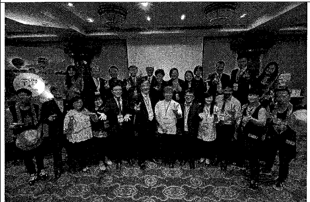
代表團暨表演團體合影
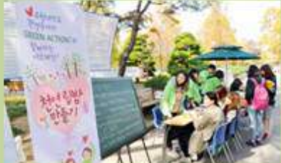
환경동아리 연간활동 프로그램 개발 및 지원 Developing and Supporting yearly activity programs
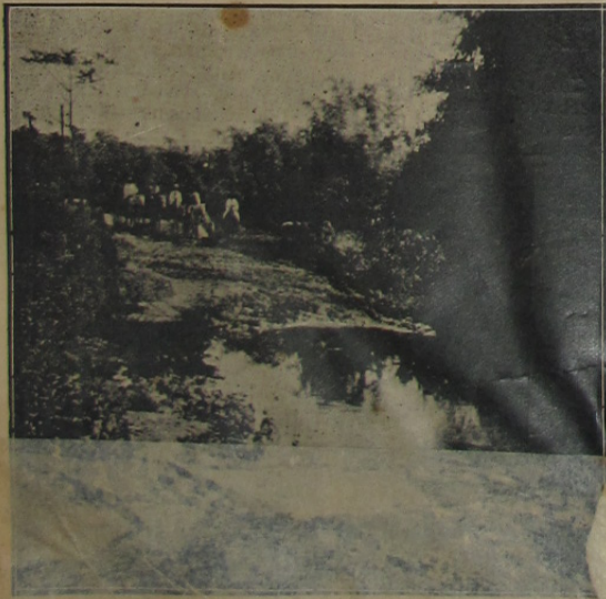
Photographia do local que liga a povoação do Brejo á Belfort-Rôxo antes da construcção de uma ponte

Si do povo sae o gozo do rico, si o povo é quem paga o bem
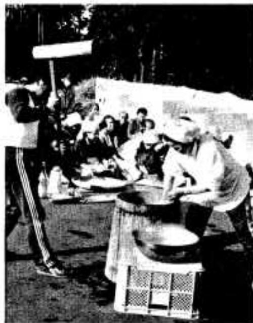
モチつきのプレゼント…… 長野スボーツククラブ

「お年寄りに、モチつきの音を聞いてもらい、良い正月を迎えてもらおう」と、同クラブが、目の不自由なお年寄りのために、と五年前から実施しているもので、今年も会員十五人が集まりました。 モチ米二十とキネ、ウヌも自前で準備。この日は朝から会員らがモチ米の蒸し方にかかり、午前
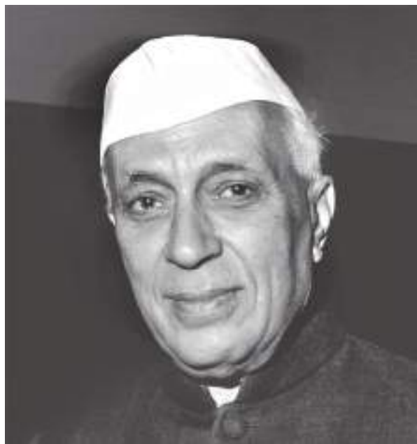
(സി) ജവാഹർലാൽ നെഹ്രു (ഡി) സർദാർ പട്ടേൽ
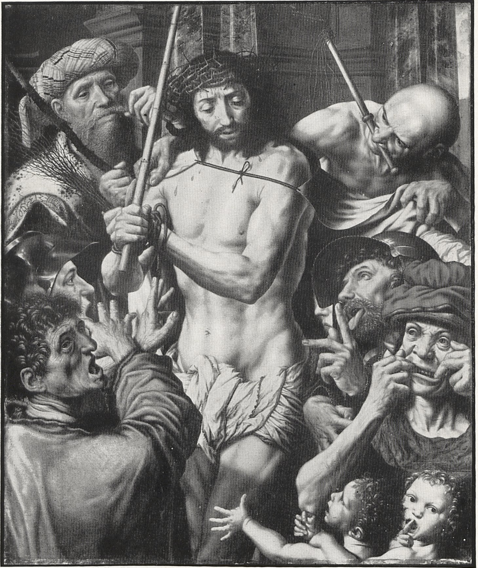
Abb. 1 Jan Sanders van Hemessen: Die Verspottung Christi. München, Alte Pinakothek
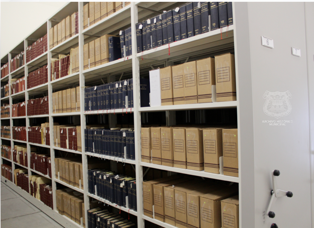
Acervo histórico ubicado en Av. 15 de Mayo 4702-A, Col. Villa Posadas, Puebla. Año 2014.
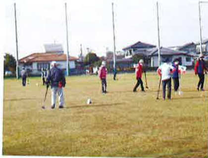
秋季グラウンドゴルフ大会
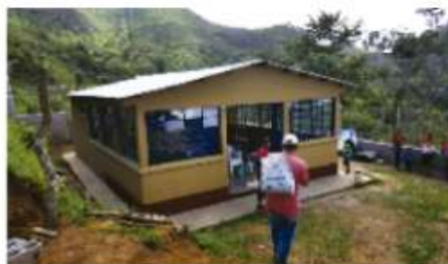
CENTRO DE CONVERGENCIA ALDEA EL SAUCE
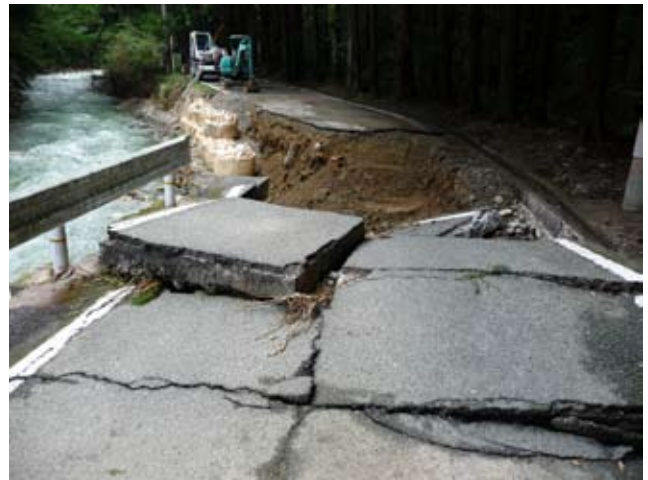
▲県道大塔日置川線（玉伝地区）
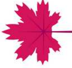
Une feuille d'érable
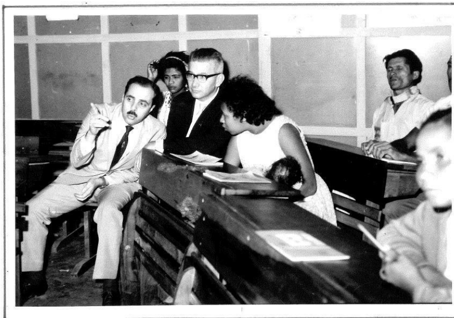
Figura 6 – Visita do Ministro Paulo de Tarso ao Círculo de Cultura do Gama, DF, acompanhado de Paulo Freire, coordenador do PNA, e sua equipe
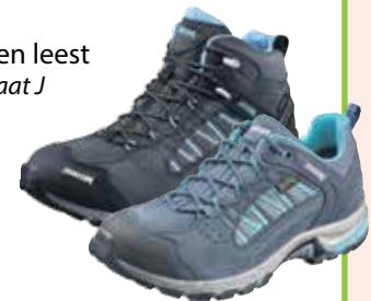
gebroken leest wijdte maat J
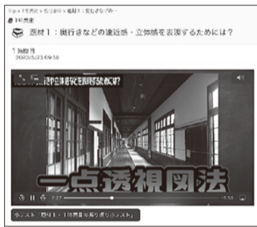
美術科の授業動画

「ズーム」というテレビ会議システムを活用して、同時双方向による各クラスごとの朝の会や全校児童による朝会が行われました。久しぶりに顔を合わせる事ができたうれしさから、予定していた30分があつという間に過ぎてしまいました。
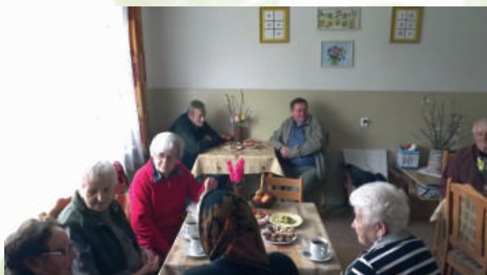
Posedenie v Dennom stacionári v Malej Čalomiji

terapiu, fyzioterapiu, odborné poradenstvo, spoločenské aktivity, kultúrne programy, vychádzky a iné.
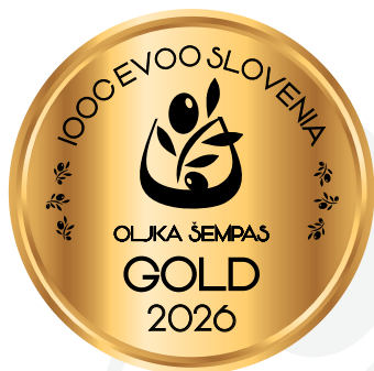
IOOC Oljka Šempas EVOO Slovenia GOLD 2026

Kmetija Pr'Rojca Babiči 48, 6273 Marezige (KP) oliveoilrojci@gmail.com
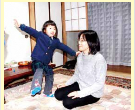
「ねえ、みてみて〜。すごいでしょ！」
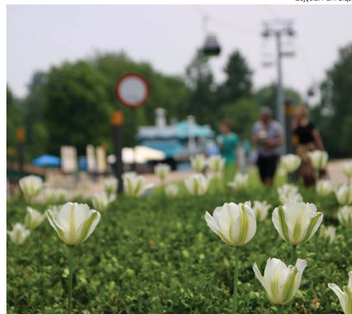
Białe tulipany i bukszpan stworzyły parkowe logo. Świetnie widać je z kolejki linowej. Od kilku lat kwietnik przy fontannie Pelikany budzi powszechną sympatię
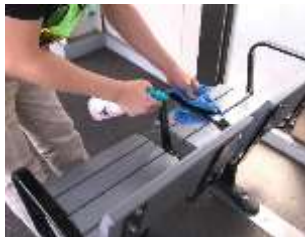
待合室の消毒作業

駅構内および鉄道車両の消毒については、定期に加え必要に応じて実施しています。なお、お客様が手を触れる箇所(券売機、エレベータ内、お手洗い、手すり、つり革、座席等)を中心に、抗菌・抗ウイルス加工を実施しています。一般車両では係員による窓上部の開閉、スカイライナー車両(イブニングライナー・モーニングライナー含む)では換気装置により、車内換気を実施しています。
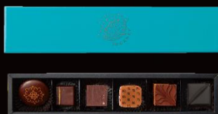
M.O.F. Selection Box

本イベントの開催を記念した、羽田空港限定オリジナルセレクションボックスを販売します。
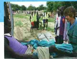
南スーダン共和国紛争犠牲者支援事業 ICRC
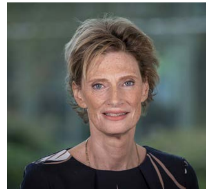
Alida Oppers Inspecteur-generaal van het Onderwijs

Juist onder de omstandigheden waarmee we nu te maken hebben, is de vraag wat de rol van de inspectie is. Die blijft: beoordelen, informeren, agenderen, activeren en soms ook interveniëren en aanjagen. Eraan bijdragen dat alle betrokkenen hun rol en hun verantwoordelijkheid nemen. Denkend vanuit het onderwijsstelsel en interveniërend daar waar dat het meeste nodig is. Dat deden we ook in 2020, met alle beperkingen die er waren. In dit jaarverslag verantwoorden we ons over ons werk in het voorbije jaar. In getallen en in een aantal belangrijke ontwikkelingen.
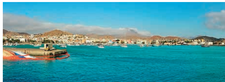
Zicht over de baai van Mindelo.

De bloeitijd van Mindelo was echter van korte duur, want in 1869 was het Suezkanaal gereed, zodat schepen naar Azië voortaan niet meer via de Atlantische Oceaan en Kaap de Goede Hoop hoefden. De schepen werden bovendien

**Your assignment:** What lines in the listing include the string "Mindelo"? Copy them out.

**Response below:**
Zicht over de baai van Mindelo.
De bloeitijd van Mindelo was echter van korte duur, want in 1869 was het Suezkanaal gereed, zodat schepen naar Azië voortaan niet meer via de Atlantische Oceaan en Kaap de Goede Hoop hoefden. De schepen werden bovendien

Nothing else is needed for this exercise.